# Supplied data

=== Section Start ===

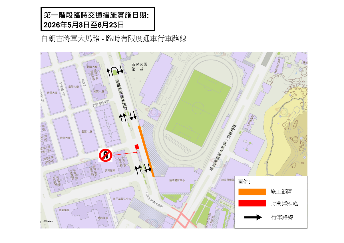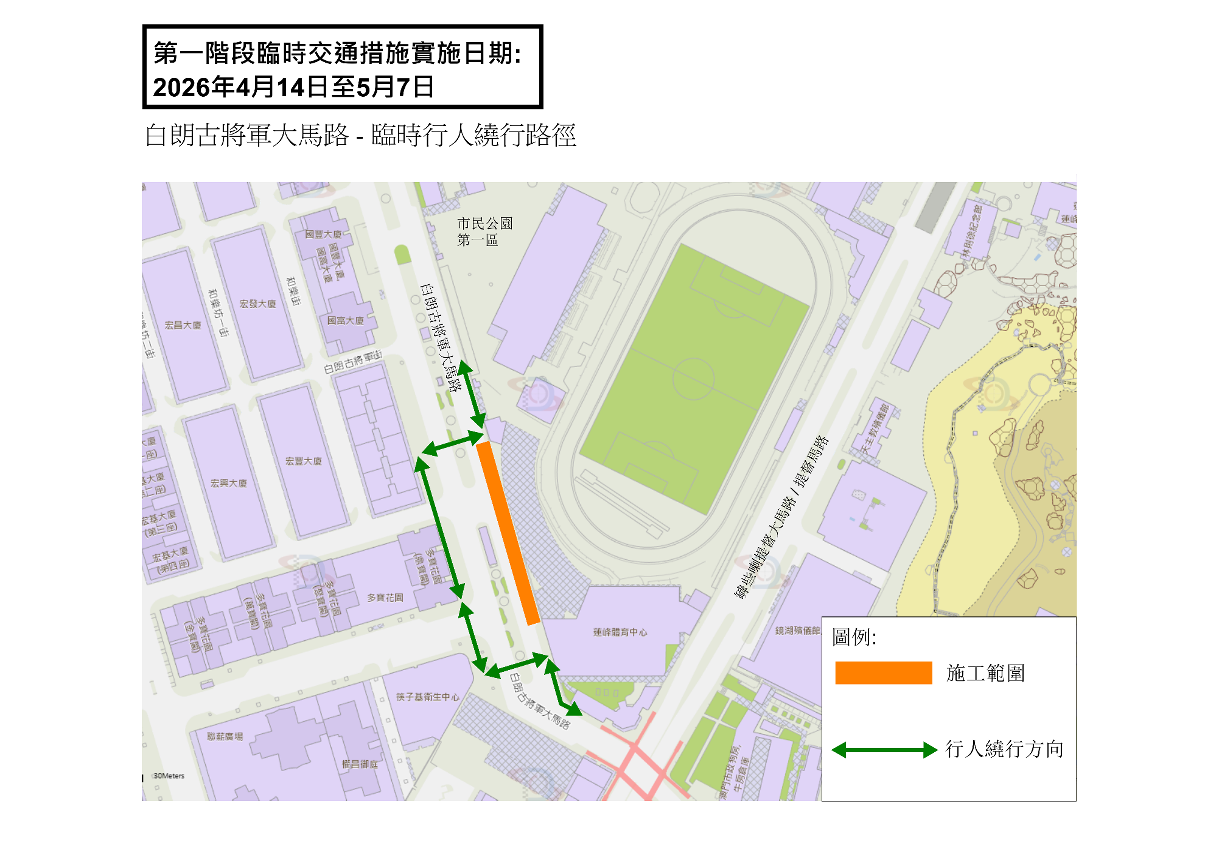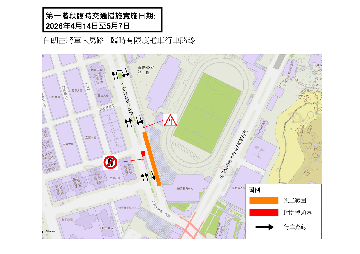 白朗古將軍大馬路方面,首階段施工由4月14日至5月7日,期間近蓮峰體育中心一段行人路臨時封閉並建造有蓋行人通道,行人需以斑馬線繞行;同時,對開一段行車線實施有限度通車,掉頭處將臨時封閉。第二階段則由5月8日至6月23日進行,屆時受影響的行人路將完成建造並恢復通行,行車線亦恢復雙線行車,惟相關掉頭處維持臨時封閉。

=== Section End ===
=== Section Start ===

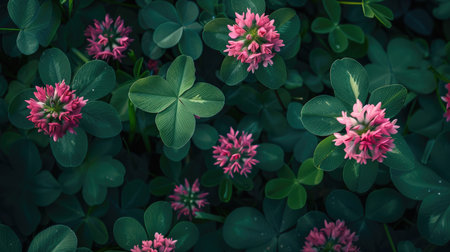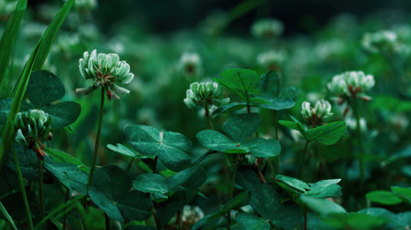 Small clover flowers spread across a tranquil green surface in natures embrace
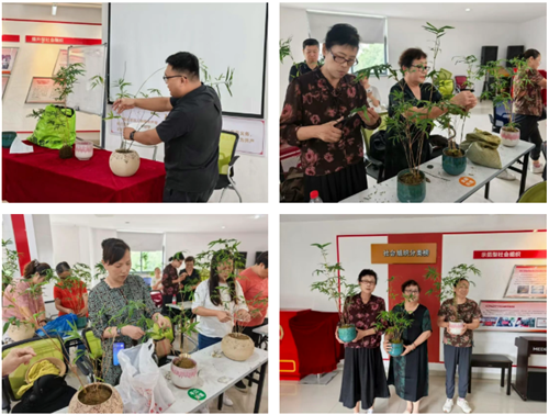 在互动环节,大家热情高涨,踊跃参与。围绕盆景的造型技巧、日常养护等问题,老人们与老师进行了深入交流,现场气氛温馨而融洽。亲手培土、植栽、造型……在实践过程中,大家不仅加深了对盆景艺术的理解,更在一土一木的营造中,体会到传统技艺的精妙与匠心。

=== Section End ===

# The task
The line holding "Small clover flowers" starts the copy and the line holding "在互动环节,大家热情高涨,踊" ends it. Repeat those two lines above and all between them exactly, leaving out pictures.

# Task answer
 Small clover flowers spread across a tranquil green surface in natures embrace
 在互动环节,大家热情高涨,踊跃参与。围绕盆景的造型技巧、日常养护等问题,老人们与老师进行了深入交流,现场气氛温馨而融洽。亲手培土、植栽、造型……在实践过程中,大家不仅加深了对盆景艺术的理解,更在一土一木的营造中,体会到传统技艺的精妙与匠心。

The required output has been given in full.